* _Goal of the exercise_
Among the entries below, find how many lines carry the word "basic" and state only that figure.

BEGIN Records supplied

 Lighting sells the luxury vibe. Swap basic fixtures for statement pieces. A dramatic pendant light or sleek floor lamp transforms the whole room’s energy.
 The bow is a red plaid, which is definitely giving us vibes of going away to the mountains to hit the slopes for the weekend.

END Records supplied
BEGIN Records supplied

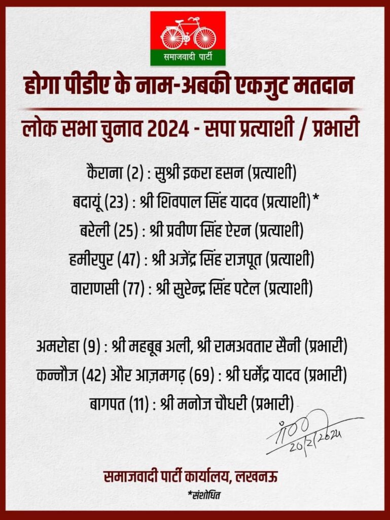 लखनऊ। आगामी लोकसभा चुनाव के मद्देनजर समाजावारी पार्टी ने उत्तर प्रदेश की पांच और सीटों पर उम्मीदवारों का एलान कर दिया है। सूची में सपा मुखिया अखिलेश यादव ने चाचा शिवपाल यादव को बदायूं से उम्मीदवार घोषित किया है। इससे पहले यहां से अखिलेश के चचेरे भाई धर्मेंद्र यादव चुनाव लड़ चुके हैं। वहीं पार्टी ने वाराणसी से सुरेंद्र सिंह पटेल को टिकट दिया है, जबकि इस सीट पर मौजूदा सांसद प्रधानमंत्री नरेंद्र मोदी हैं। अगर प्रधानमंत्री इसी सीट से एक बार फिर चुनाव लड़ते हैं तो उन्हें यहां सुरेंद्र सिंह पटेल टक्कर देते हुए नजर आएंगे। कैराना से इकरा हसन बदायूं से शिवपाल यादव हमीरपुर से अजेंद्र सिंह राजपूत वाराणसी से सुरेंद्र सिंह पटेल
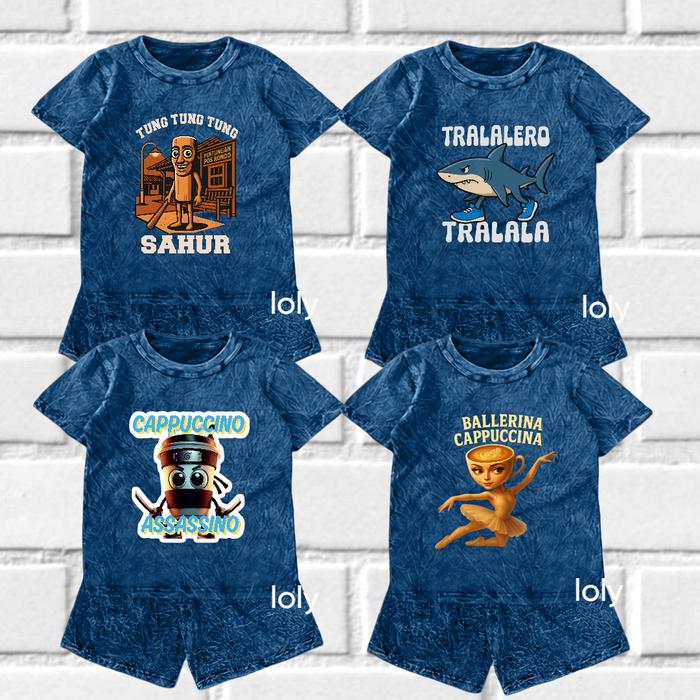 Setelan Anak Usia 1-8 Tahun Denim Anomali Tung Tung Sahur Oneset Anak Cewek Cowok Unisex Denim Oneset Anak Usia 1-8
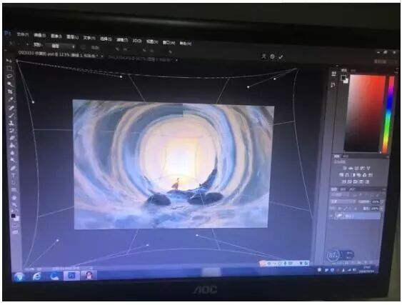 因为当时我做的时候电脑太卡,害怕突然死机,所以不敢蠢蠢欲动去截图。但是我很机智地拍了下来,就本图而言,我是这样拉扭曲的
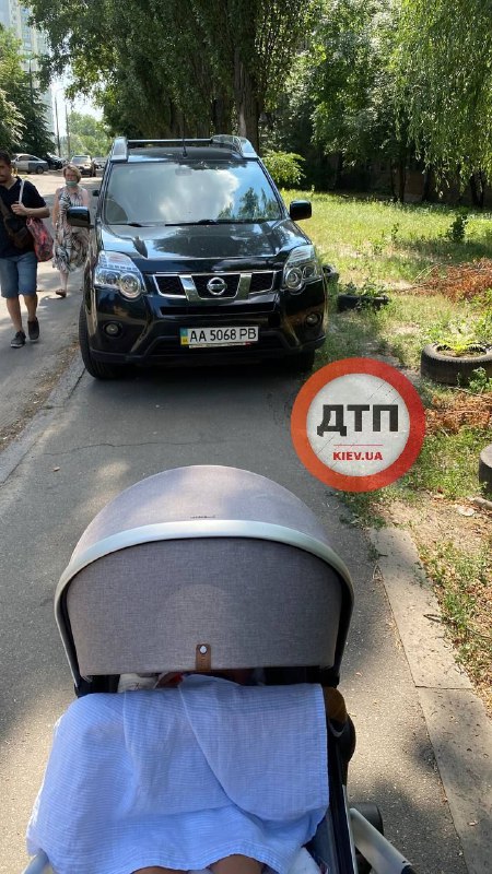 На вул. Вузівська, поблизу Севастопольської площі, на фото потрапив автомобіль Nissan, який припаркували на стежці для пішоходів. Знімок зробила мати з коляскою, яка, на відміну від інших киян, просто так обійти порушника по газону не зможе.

END Records supplied
BEGIN Records supplied

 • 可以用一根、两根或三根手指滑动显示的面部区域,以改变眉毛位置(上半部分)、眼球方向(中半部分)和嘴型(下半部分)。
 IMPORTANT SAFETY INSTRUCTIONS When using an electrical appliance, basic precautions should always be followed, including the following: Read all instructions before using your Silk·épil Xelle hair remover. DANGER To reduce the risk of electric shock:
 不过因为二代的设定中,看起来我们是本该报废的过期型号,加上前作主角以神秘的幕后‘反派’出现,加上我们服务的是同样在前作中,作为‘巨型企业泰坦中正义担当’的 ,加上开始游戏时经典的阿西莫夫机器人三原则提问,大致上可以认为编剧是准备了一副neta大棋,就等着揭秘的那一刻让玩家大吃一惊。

END Records supplied

* _Finished exercise_
2